▶ **Entries provided**

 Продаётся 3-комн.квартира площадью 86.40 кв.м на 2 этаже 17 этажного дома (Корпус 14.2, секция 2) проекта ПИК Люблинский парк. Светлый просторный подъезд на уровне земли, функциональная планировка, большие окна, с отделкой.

...

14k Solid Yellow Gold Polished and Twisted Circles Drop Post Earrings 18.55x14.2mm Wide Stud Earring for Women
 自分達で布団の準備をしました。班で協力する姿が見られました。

---

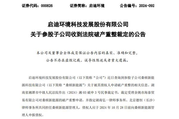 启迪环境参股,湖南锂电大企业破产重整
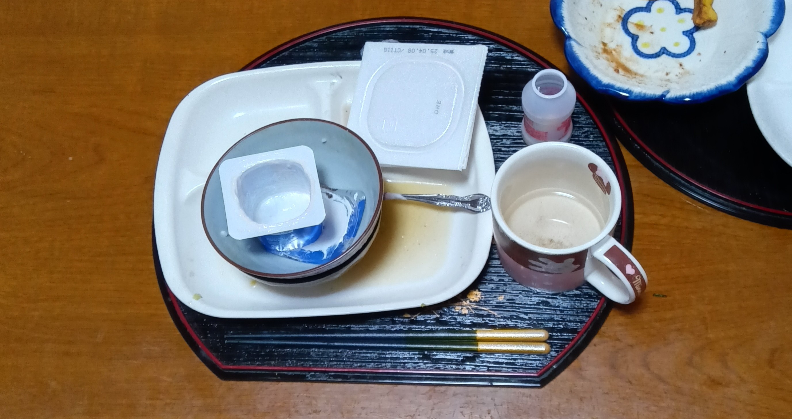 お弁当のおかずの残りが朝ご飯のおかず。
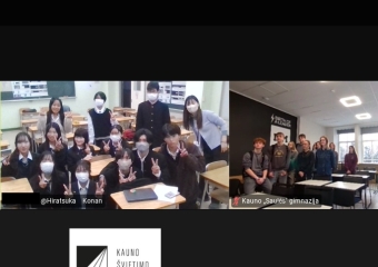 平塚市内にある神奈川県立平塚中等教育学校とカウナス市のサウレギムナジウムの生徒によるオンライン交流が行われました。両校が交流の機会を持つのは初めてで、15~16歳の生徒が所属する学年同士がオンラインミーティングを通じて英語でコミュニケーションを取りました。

▶ **Aim of the exercise**
Repeat exactly the lines above, from the line that contains "お弁当のおかずの残りが朝ご飯のおかず。" down through the line that contains "平塚市内にある神奈川県立平塚". Include both of those lines and none of the pictures.

▶ **Reply**
 お弁当のおかずの残りが朝ご飯のおかず。
 平塚市内にある神奈川県立平塚中等教育学校とカウナス市のサウレギムナジウムの生徒によるオンライン交流が行われました。両校が交流の機会を持つのは初めてで、15~16歳の生徒が所属する学年同士がオンラインミーティングを通じて英語でコミュニケーションを取りました。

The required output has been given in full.